*WORK TO BE COMPLETED*. Restate the lines of the material below word for word, from the first through the one containing "Mitte Juli ist", and include nothing else; pictures stay out.

-------- THE DATA

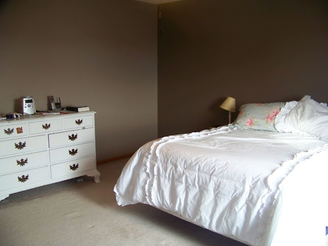 One of the reasons the dresser worked well at the end of our bed is that the footboard does not attach to our frame.  We need to buy a new frame for it to attach to.  So now here’s a photo without the footboard:
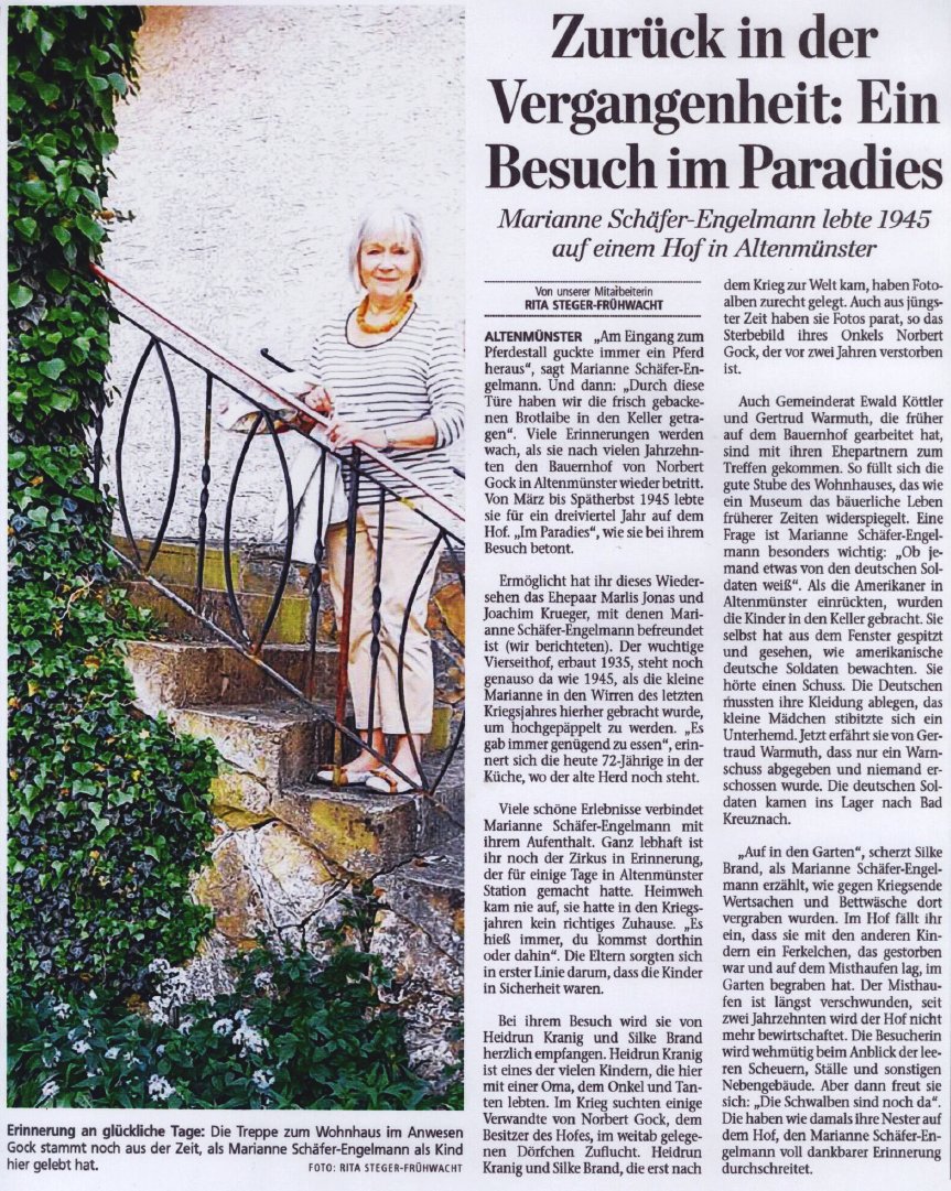 Mitte Juli ist in der MainPost ein Bericht zu den Folgen unseres kurzen, aber sehr intensiven Besuchs in Altenmünster bei Schweinfurt am 4. Februar erschienen: Die Ideengeberin, Marianne Schäfer-Engelmann, hat sich vor Ort mit allen getroffen.
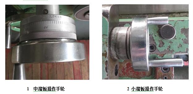 小溜板在小溜板手柄控制下可作短距离的纵向移动。顺时针转动小溜板手柄,小溜板向左移动进给;反之,小溜板向右移动退出。小溜板的手轮轴上的刻度盘圆周等分为100格,手轮每转过1格,纵向或斜向移动0.05mm。小溜板的下导轨有转盘,斜向进给车削短圆锥时,可顺时针或逆时针方向旋转90°。调整时,先松开锁紧螺母,转动小溜板至所需角度位置后,再锁紧螺母小溜板固定。如下图2。
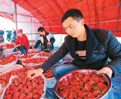 1月4日,安徽省庐江县汤池镇“草莓男孩”张杰正在自己的大棚里收获新鲜草莓。

----------------

*SOLUTION*.
 One of the reasons the dresser worked well at the end of our bed is that the footboard does not attach to our frame.  We need to buy a new frame for it to attach to.  So now here’s a photo without the footboard:
 Mitte Juli ist in der MainPost ein Bericht zu den Folgen unseres kurzen, aber sehr intensiven Besuchs in Altenmünster bei Schweinfurt am 4. Februar erschienen: Die Ideengeberin, Marianne Schäfer-Engelmann, hat sich vor Ort mit allen getroffen.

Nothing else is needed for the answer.